There was another school of bodybuilders that took the volume training one step further. Serge Nubret, who you might remember from the film Pumping Iron, did up to 40 sets per body part.

Steve Michalik, a former Mr. America, would perform around 75 sets per body part. He called his training "Intensity or Insanity." I'd say that was appropriately named.

Mike Mentzer's "Heavy Duty" Style

In the late 1970s and early 1980s, however, a feud started about training philosophies. Another guy by the name of Mike Mentzer came upon the scene.

He started challenging the high-volume gurus and came up with his own low-volume, high-intensity training routines. Many of Mike's ideas stemmed from Arthur Jones, who was the creator of Nautilus machines.

Mentzer called his training style "Heavy Duty".

About 10 years later, a British chap, by the name of Dorian Yates embraced many of Mentzer's ideas.

Yates didn't agree with everything in the Heavy Duty style of training, but his workouts were short-duration, high-intensity, and driven to absolute muscular failure with very few sets—much like Mentzer's.

Where Are We Today?

So, where does that leave us now? In a state of confusion perhaps? Arnold, Nubret, Mentzer and Yates all developed tremendous physiques, but their training styles differed greatly.

Arnold won seven Olympia's and Yates only won six, so does that mean Arnold's style was better? No, of course not. Does it mean that if you train like Arnold or Yates, you'll look like them? Nope. It doesn't work like that either.

Factors For Training Needs

Let's face it. We all know someone who trains less than we do, and with less consistency and intensity, may grow faster than we do. It's a fact of life.

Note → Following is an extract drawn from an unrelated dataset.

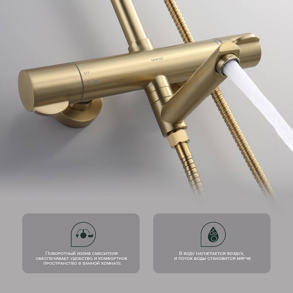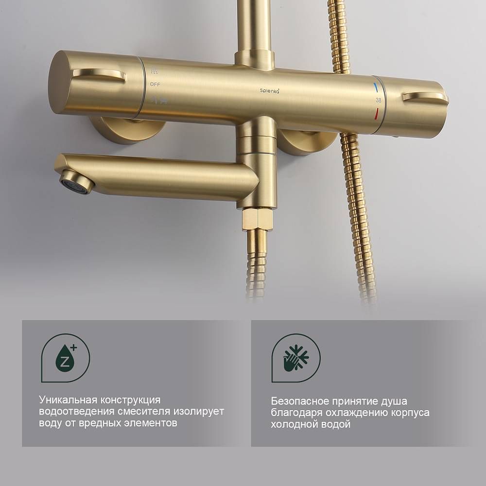 Душевая стойка Splenka S223.26.03 с термостатом золотой сатин купить

The Arnold Schwarzenegger's of this world were literally born to be bodybuilders. Some guys have cows instead of calves and they hardly train them. Other guys will train their calves until they puke and there lower legs still aren't over 14 inches.

Why Is This?

The tendency for some to continually blossom with muscle growth is dependent on many factors and variables, including genetics.

Bones and Muscle Fiber:

Bone structure is one factor. If you have a large bone structure, you will have a greater tendency to be able to hold more weight on your frame.

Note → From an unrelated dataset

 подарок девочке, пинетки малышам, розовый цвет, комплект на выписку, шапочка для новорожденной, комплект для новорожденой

Your body won't resist producing more muscle when you've provided conditions for growth. Larger bones might also allow you to handle heavier weights, which help in stimulating muscle growth.

Muscles are made up of fast-twitch and slow-twitch fibers. The ratio of these fibers plays a vital role in how fast you can grow and how much muscle you can pack on.

Distance runners have many slow-twitch fibers and it's fairly obvious they don't have the genetic gift of attaining an abundance of muscle mass.

Drugs:

Some guys will start to blow up and expand before your eyes once they've crossed over to the "dark side." They might not even be taking as much as another dude in the gym. As with any prescription medications, people's bodies will react differently.

Steroids and performance-enhancing drugs will work really well for some but not as well for other people. It also needs to be noted that side effects are harsher for some individuals.

You never know which one you'll be genetically gifted for—results or side effects. For this reason alone, it's not worth crossing over to the dark side. Stay natural!

Diet:

High-carb. Low-carb. Eat red meat. Don't eat red meat. Fats make you fat. Carbs make you fat. (Eating too much makes you fat—period.)

So many choices...what does one do? One expert will recommend a gram of protein per pound of bodyweight. A pro bodybuilder says you should eat at least two grams per pound of bodyweight. Don't eat fruit or eat fruit to help cleanse your system.

Supplements:

When it comes to supplements, what works? What doesn't? Did Mr. Pro really get that big from using Ultra MegaMassive 3700 Muscle Booster? They can't all produce steroid-like results, can they? What do you need? How much are you willing to pay? Does anyone really know what's best?

Putting It All Into Perspective

Hopefully we can make sense of all this conflicting information. The important thing to do is to analyze and compare the information that you assimilate.

Look for things in routines and diet that have similarities. Are there exercises that everyone seems to do? What foods are recommended time and time again from various athletes and trainers? Which supplements do most people use?

You get the idea. Deciphering all the similarities will guide you down the path of discovering your own "magic formula."

The Similarities

Eating Correctly

Eating correctly is a huge factor in gaining muscle size. Yeah, you've read it before. Tell you something new, right? Well it's true. If you're still not eating six times a day, start tomorrow morning. Every huge dude does this. They might even eat seven or eight times.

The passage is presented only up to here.